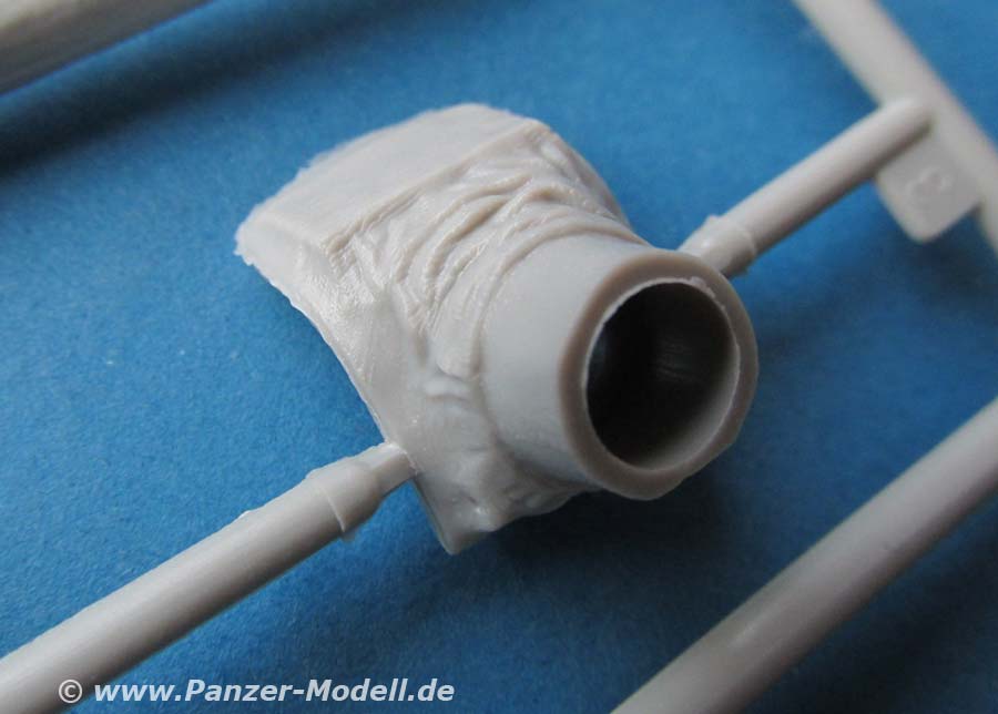 Die kanonenblende ist auch aus dem beiliegenden weichen Plastik gemacht und weist daher am rand minimalst einen ausgefransten Rand auf - das dürfte aber kaum auffallen. Der Guss udn Details der Planenstruktur ist jedenfalls schön gemacht.
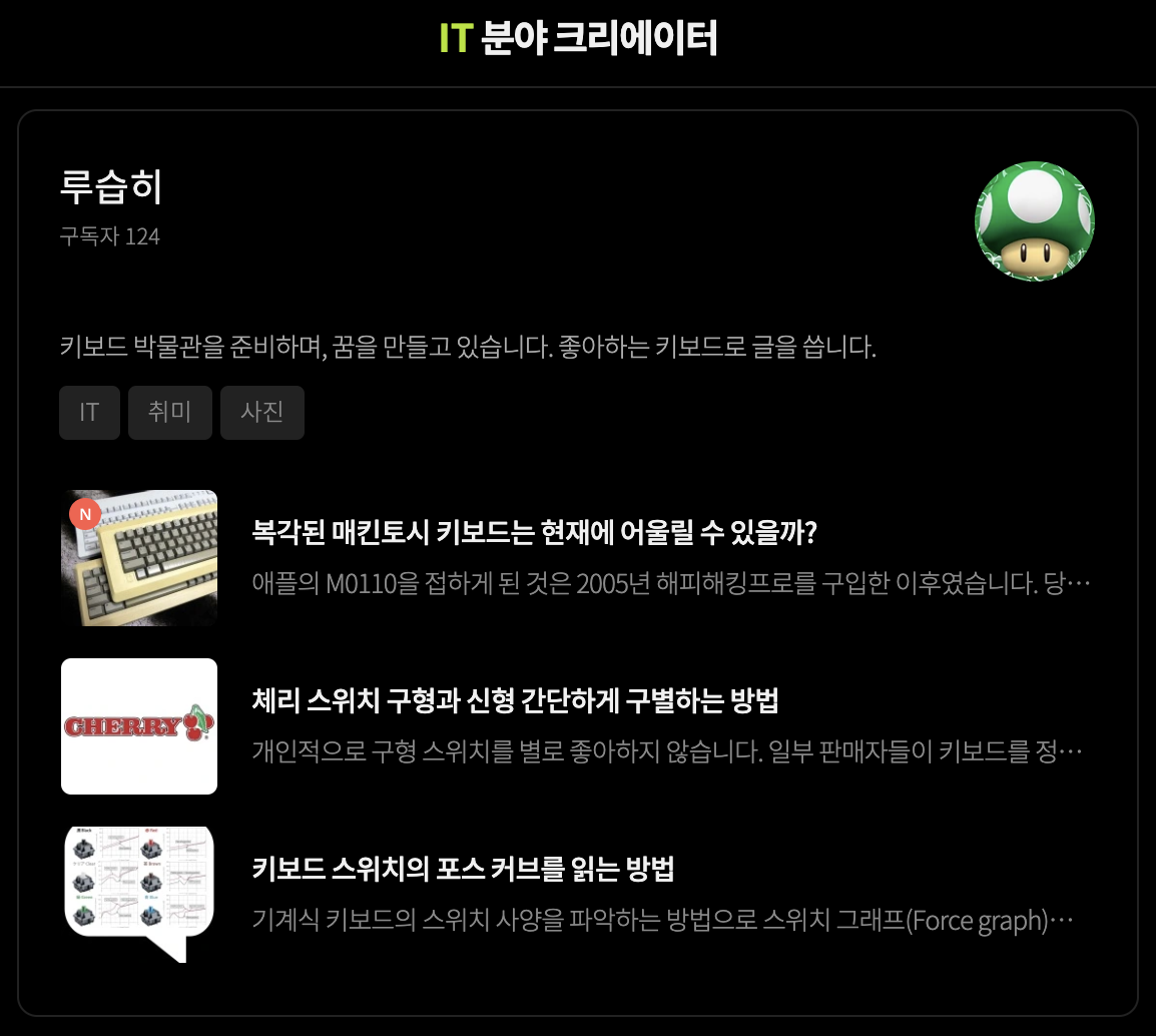 이번에 확인해 보니 IT 분야에는 100명의 크리에이터가 있다는 것을 알게 되었습니다. 하지만 이 페이지는 구독자가 많은 분들 중심으로 10명의 글만 상단에 소개될 뿐이고, 최신 글을 발행해도 상위 노출이 안 돼서 기능이 좋다는 인상은 받지 못했습니다. 게다가 새로고침을 해도 일정한 시간 동안 기존 글만 계속 보여줄 뿐이고, 재미있는 글을 찾아보거나 다른 분야에 흥미를 느끼기에는 여러모로 부족하다는 생각이 듭니다.
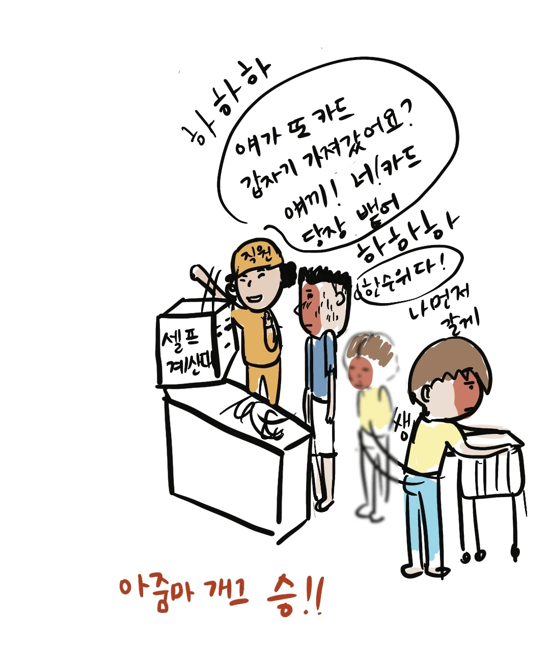 혹시 그와 개그코드가 맞으시다면 그냥 그이를 여기다 놓고 가도 될까요? 바퀴는 계속 굴러가지 않으면 녹슬어서 카트 끄는 저는 이만… 총총
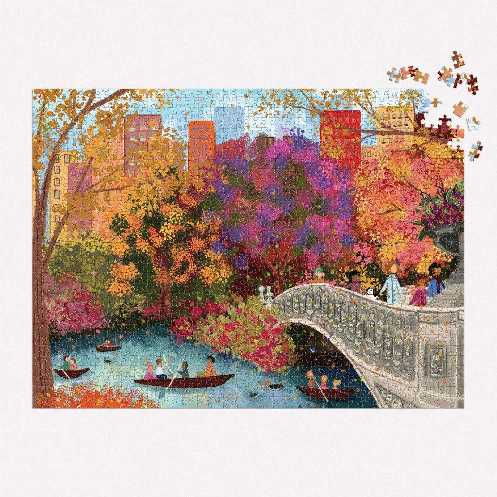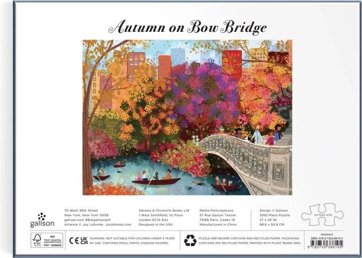 Geniet van de betoverende herfstsfeer van New York met deze GALISON-puzzel met het motief van de Bow Bridge in Central Park, geïllustreerd door Joy Laforme. 1000 precies uitgesneden stukjes bieden een fijne uitdaging, terwijl rijke kleuren en een gedetailleerde print zorgen voor plezier bij elke legfase. Verantwoord geproduceerd van FSC-gecertificeerde gerecyclede materialen en bedrukt met niet-giftige inkten.
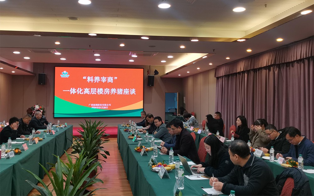 广西扬翔股份有限公司高远飞副总裁在园区现场为与会专家介绍了“料养宰商”一体化园区概况,参观了猪场饲料供应系统、环保工艺流程及楼房智能化养猪设备设施及生产环节;并与专家一起就《现代设施养猪业的探索》及《6160头母猪规模楼房养猪模式介绍》进行研讨,大家从养猪趋势、楼房养猪、智能化养猪、猪场建筑总体规划、养殖工艺流程、环保工艺流程、生产经营指标、投资概算等进行了详细论证。与会专家对“料养宰商”一体化高层楼房养猪模式给予充分认可,并对扬翔公司提供的考察学习机会表示由衷感谢。
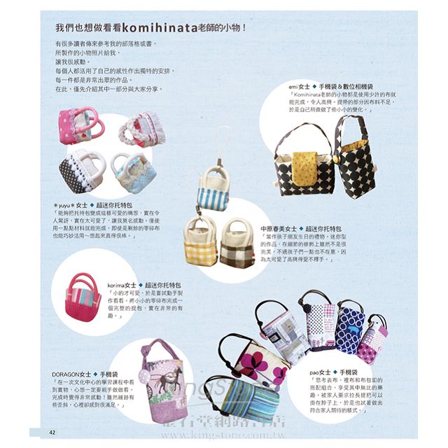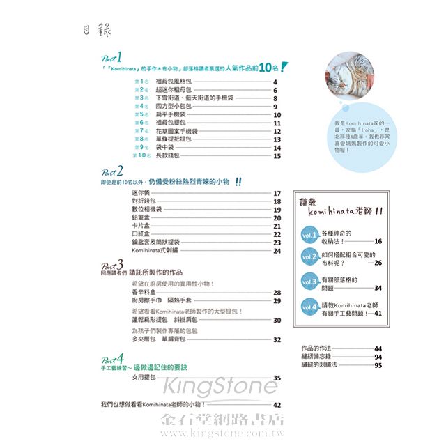 本書作者-杉野未央子老師,原本只是個熱愛拼布,喜歡手作小物的手作作家,在某一天忽然燃起建立手作部落格的欲望,一股衝動之下,以家人名字組合而成、名為「Komihinata」的部落格,便如此誕生了!
—————
→ **What the exercise asks**
From the first line to the last, restate the entries exactly, without pictures.

→ **Exercise response**
 Die kanonenblende ist auch aus dem beiliegenden weichen Plastik gemacht und weist daher am rand minimalst einen ausgefransten Rand auf - das dürfte aber kaum auffallen. Der Guss udn Details der Planenstruktur ist jedenfalls schön gemacht.
 이번에 확인해 보니 IT 분야에는 100명의 크리에이터가 있다는 것을 알게 되었습니다. 하지만 이 페이지는 구독자가 많은 분들 중심으로 10명의 글만 상단에 소개될 뿐이고, 최신 글을 발행해도 상위 노출이 안 돼서 기능이 좋다는 인상은 받지 못했습니다. 게다가 새로고침을 해도 일정한 시간 동안 기존 글만 계속 보여줄 뿐이고, 재미있는 글을 찾아보거나 다른 분야에 흥미를 느끼기에는 여러모로 부족하다는 생각이 듭니다.
 혹시 그와 개그코드가 맞으시다면 그냥 그이를 여기다 놓고 가도 될까요? 바퀴는 계속 굴러가지 않으면 녹슬어서 카트 끄는 저는 이만… 총총
 Geniet van de betoverende herfstsfeer van New York met deze GALISON-puzzel met het motief van de Bow Bridge in Central Park, geïllustreerd door Joy Laforme. 1000 precies uitgesneden stukjes bieden een fijne uitdaging, terwijl rijke kleuren en een gedetailleerde print zorgen voor plezier bij elke legfase. Verantwoord geproduceerd van FSC-gecertificeerde gerecyclede materialen en bedrukt met niet-giftige inkten.
 广西扬翔股份有限公司高远飞副总裁在园区现场为与会专家介绍了“料养宰商”一体化园区概况,参观了猪场饲料供应系统、环保工艺流程及楼房智能化养猪设备设施及生产环节;并与专家一起就《现代设施养猪业的探索》及《6160头母猪规模楼房养猪模式介绍》进行研讨,大家从养猪趋势、楼房养猪、智能化养猪、猪场建筑总体规划、养殖工艺流程、环保工艺流程、生产经营指标、投资概算等进行了详细论证。与会专家对“料养宰商”一体化高层楼房养猪模式给予充分认可,并对扬翔公司提供的考察学习机会表示由衷感谢。
 本書作者-杉野未央子老師,原本只是個熱愛拼布,喜歡手作小物的手作作家,在某一天忽然燃起建立手作部落格的欲望,一股衝動之下,以家人名字組合而成、名為「Komihinata」的部落格,便如此誕生了!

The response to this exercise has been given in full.